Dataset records

+--

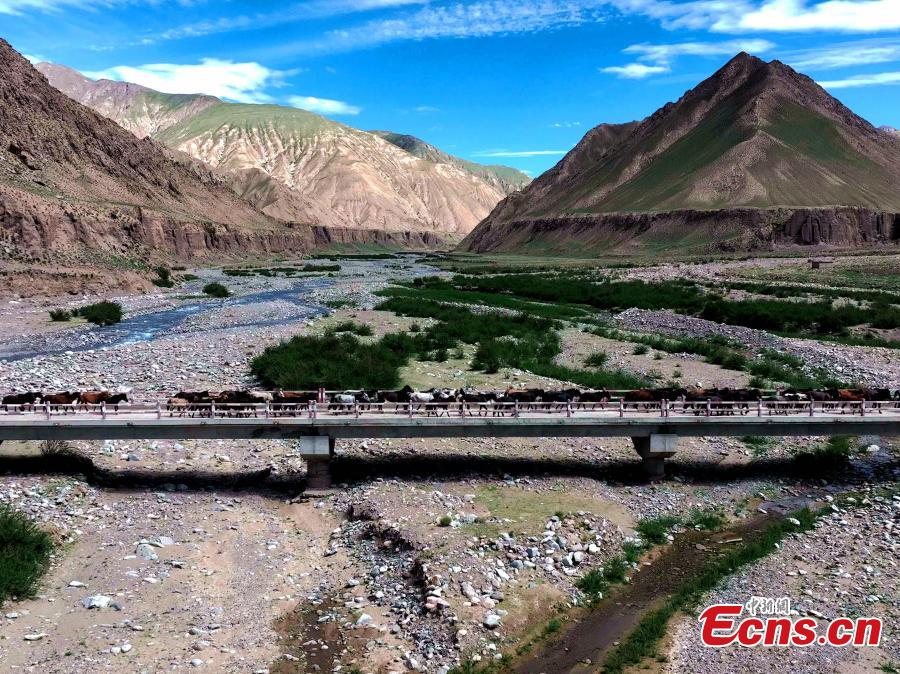 Livestock are on their way to summer pasture in Dulan County of Haixi Mongolian-Tibetan Autonomous Prefecture, northwest China's Qinghai Province. (Photo: China News Service/Mo Jiayin)
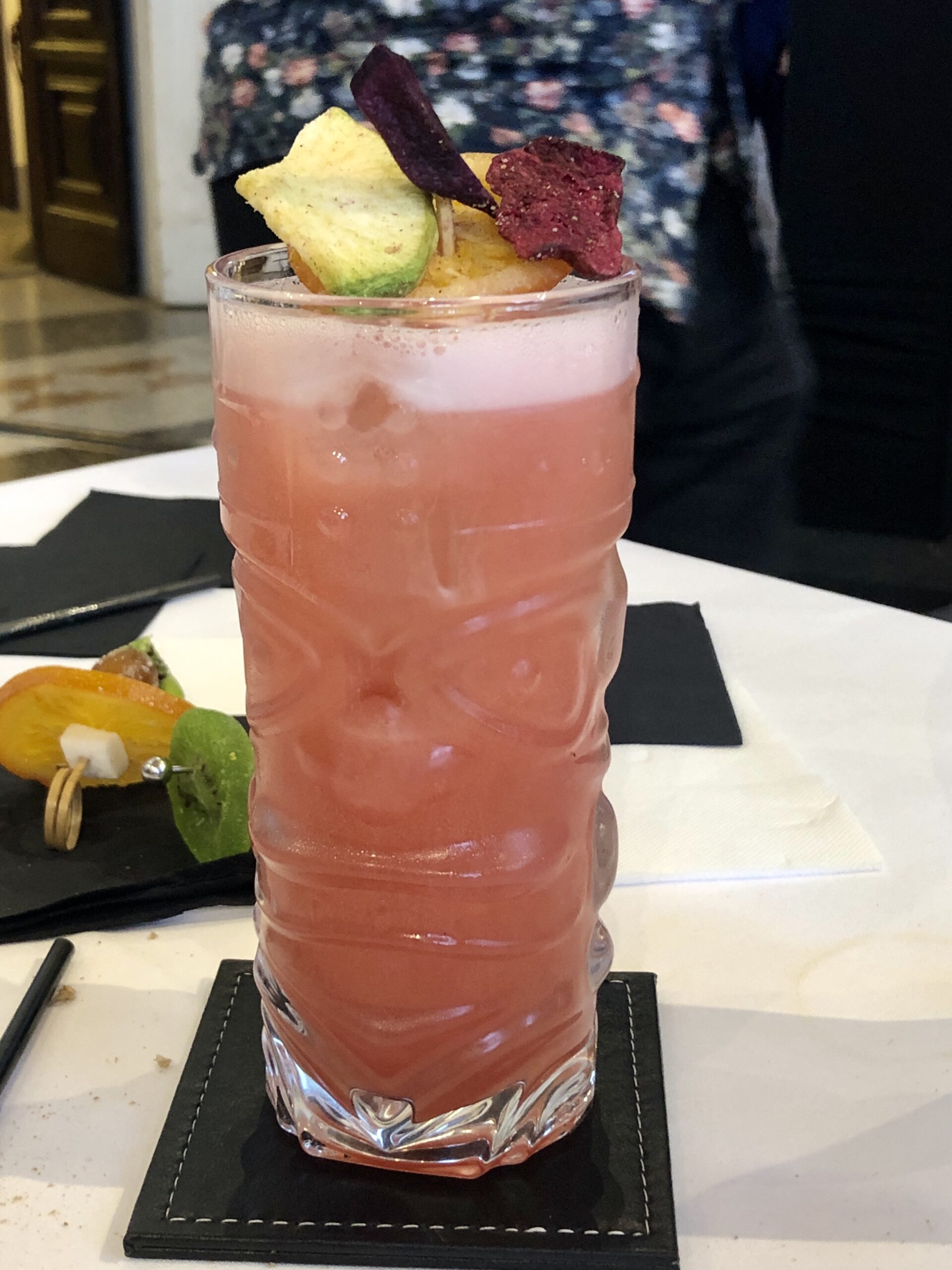 Mixing glass, filtrare in tumbler alto in vetro tiki, guarnito con spiedino di verdure mix come zucchina, carota viola e barbabietola disidratate EB-Eredi Borgnino.
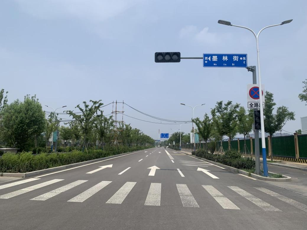 聊城路西延新建道路全長(zhǎng)802.71米,其中西段西起月牙路東至順安路北延,紅線寬度25米;東段西起順安路北延?xùn)|至縱四路,紅線寬度24米。
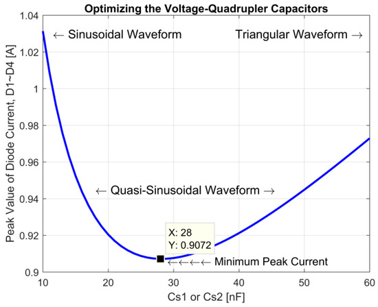 If the voltage-doubler capacitors (or the equivalent capacitor in the doubler network) are increased to around 100 nF or more, the switching frequency must be reduced to maintain ZCS, which would degrade the overall power density—unfavorable for high-power applications. Therefore, not every capacitor value is suitable to achieve ZCS. In practice, capacitor values tend to be in the nanofarad range, typically around 1 to 30 nF. A balanced operating frequency around 70 kHz was selected, which led to the identification of a capacitor value of 12 nF conducive to achieving ZCS. For the quadrupler configuration, the objective was to minimize the peak current through the diodes. To achieve this objective, Figure 8 illustrates the optimized capacitor value for the voltage-quadrupler.
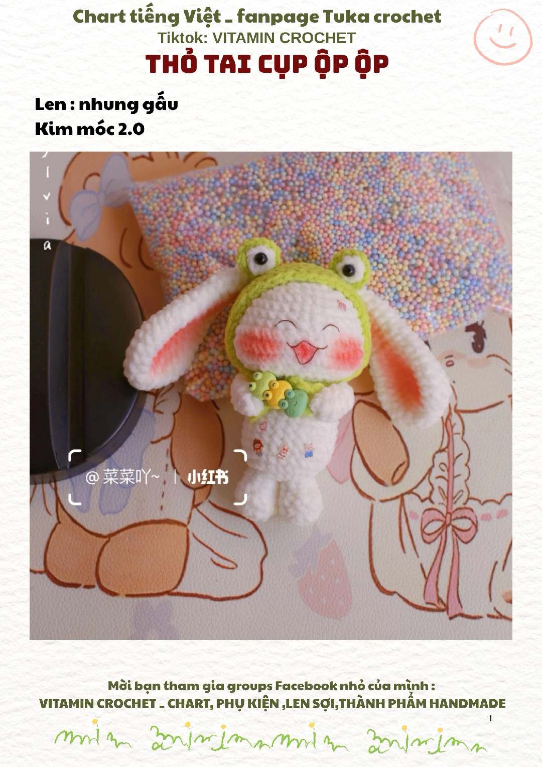 Chart móc thỏ đội mũ ếch Ộp ộp ộp kute à nhen . #chartmoclen #lenhandmade #crotchet #chartdichtiengviet #chartmockhoa #diy #chartTiếngViệt #TukaCrochet

+--

WORK TASK
The expected output is the lines above from the one containing "Mixing glass, filtrare" to the one containing "聊城路西延新建道路全長(zh", both ends included, reproduced exactly with every picture left out.

OUTPUT FOR THIS TASK
 Mixing glass, filtrare in tumbler alto in vetro tiki, guarnito con spiedino di verdure mix come zucchina, carota viola e barbabietola disidratate EB-Eredi Borgnino.
 聊城路西延新建道路全長(zhǎng)802.71米,其中西段西起月牙路東至順安路北延,紅線寬度25米;東段西起順安路北延?xùn)|至縱四路,紅線寬度24米。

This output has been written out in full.